KR20060109273A - Integrated circuit capable of enhanced lamp ignition - Google Patents

Abstract

An integrated circuit with an enhanced lamp ignition is provided to maintain a supply of ignition power to a lamp while a feedback signal is lower than a signal representing normal electric power. In an integrated circuit with an enhanced lamp ignition, an inverter controlling device(12) supplies ignition electric power and normal electric power to at least one lamp, receives a feedback signal representing electric power supplied during an ignition operation of the lamp, compares the feedback signal with a signal representing the normal electric power and the approximately same signal via a comparator, and maintains a supply of the ignition electric power to the lamp while the feedback signal is lower than the signal representing the normal electric power.

Description

INTEGRATED CIRCUIT CAPABLE OF ENHANCED LAMP IGNITION}

The features and advantages of embodiments of the claimed subject matter will become apparent as the following detailed description of the invention proceeds with reference to the drawings, wherein like reference numerals designate like parts and the accompanying drawings are as follows.

1 is a diagram illustrating a system embodiment.

2 is a graph of the characteristics of the lamp during the ignition phase and the steady state phase.

3 is a diagram illustrating one exemplary inverter controller.

4 is a diagram illustrating another exemplary inverter control apparatus.

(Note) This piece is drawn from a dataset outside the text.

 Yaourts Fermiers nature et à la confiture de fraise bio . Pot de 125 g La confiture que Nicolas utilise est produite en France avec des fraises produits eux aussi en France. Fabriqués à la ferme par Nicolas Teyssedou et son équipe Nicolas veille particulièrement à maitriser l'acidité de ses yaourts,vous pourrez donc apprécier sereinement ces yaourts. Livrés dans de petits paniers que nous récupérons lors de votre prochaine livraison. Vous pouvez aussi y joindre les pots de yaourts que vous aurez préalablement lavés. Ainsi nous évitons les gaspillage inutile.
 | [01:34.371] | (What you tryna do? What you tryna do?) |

5 is a graph illustrating an exemplary delay step according to one embodiment.

The present invention relates to an integrated circuit capable of improved lamp ignition.

In the case of one known power supply, a lamp controller may be provided to power the cold cathode fluorescent lamp (CCFL). The lamp controller may include a feedback circuit for detecting lamp current or voltage, and the lamp controller may adjust the power to the lamp based on the feedback information. During a typical lamp ignition phase, the control supplies a high voltage to the lamp until the lamp is ignited, and then during the normal operating mode, the supply voltage is reduced. The known controller checks whether the lamp is on by detecting whether the lamp current has reached a threshold. If a known control detects the presence of lamp current in the discharge phase, the control causes the inverter control to terminate the discharge (ignition) mode and switch to the typical normal operating mode. There is insufficient current flowing through the lamp during this step. This may cause the feedback of the current signal to fail to reach the recommended signal level and cause lamp ignition failure.

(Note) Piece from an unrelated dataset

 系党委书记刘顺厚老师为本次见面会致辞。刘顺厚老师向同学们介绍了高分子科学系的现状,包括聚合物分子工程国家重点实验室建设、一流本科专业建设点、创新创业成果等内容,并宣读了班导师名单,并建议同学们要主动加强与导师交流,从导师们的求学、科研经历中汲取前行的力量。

One embodiment described herein provides an inverter controller capable of supplying ignition power and steady state power in at least one lamp. The inverter controller also receives a feedback signal indicative of the power supplied to the lamp during the ignition phase of the lamp, and compares the feedback signal through a comparator with a signal approximately equal to the signal representing steady state power, the feedback signal being the The provision of ignition power for the lamp can be maintained while being kept lower than the signal representing steady state power.

Another embodiment described herein provides an inverter controller capable of supplying ignition power and steady state power to at least one lamp. The inverter control device includes an open lamp protection circuit capable of generating a delay signal, which is provided until the delay signal is equal to or exceeds the cutoff threshold signal, or when the controller delivers steady state power to the lamp. The delay time of the delay signal can be extended up to.

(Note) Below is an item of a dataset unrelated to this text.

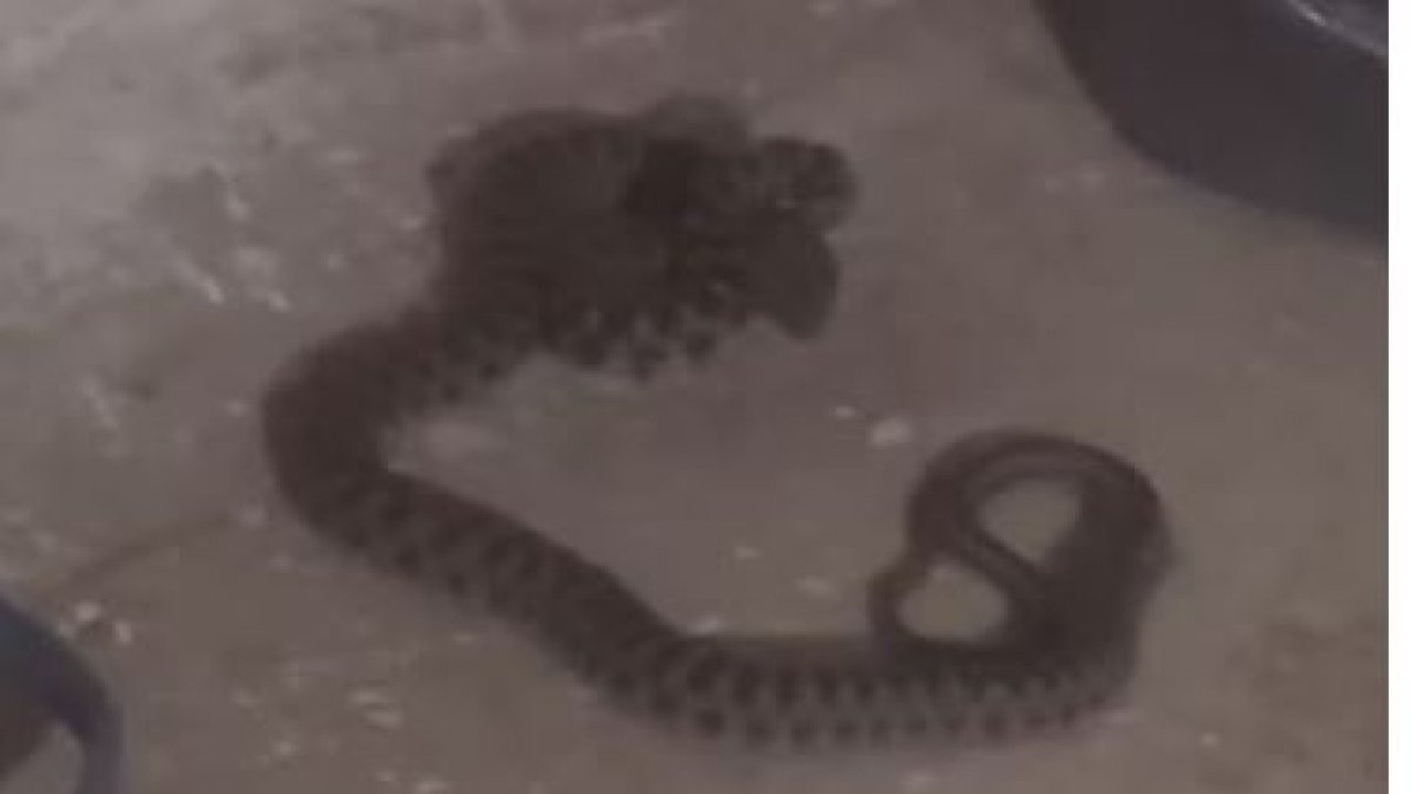 Çaydaçıra Mahallesi'nde bir kadın, evinin bodrumundaki yılanı fark etti. Bunun üzerine kadın, cep telefonu kamerası ile kayda girdi.

At least one system embodiment described herein provides a liquid crystal display (LCD) panel comprising an inverter controller capable of providing ignition power and steady state power to at least one lamp and at least one lamp. The inverter controller also receives a feedback signal indicative of the power supplied to the lamp during the ignition phase of the lamp, compares the feedback signal via a comparator with a signal approximately equal to the signal representing steady state power, and the feedback signal is normal The supply of ignition power to the lamp can be maintained while being kept lower than the signal representing the state power.

At least one method described herein includes supplying ignition power and steady state power to at least one lamp; Receiving a feedback signal indicative of the power supplied to the lamp during the ignition phase of the lamp; Comparing the feedback signal with a signal approximately equal to the signal representing steady state power; And maintaining supply of ignition power to the lamp while the feedback signal is kept lower than the signal indicative of steady state power.

The following detailed description of the invention proceeds with reference to exemplary embodiments, but many alternative, modified and modified inventions thereof will be apparent to those of ordinary skill in the art. Therefore, the claimed subject matter should be judged from a broad perspective and should only be defined by what is disclosed in the appended claims.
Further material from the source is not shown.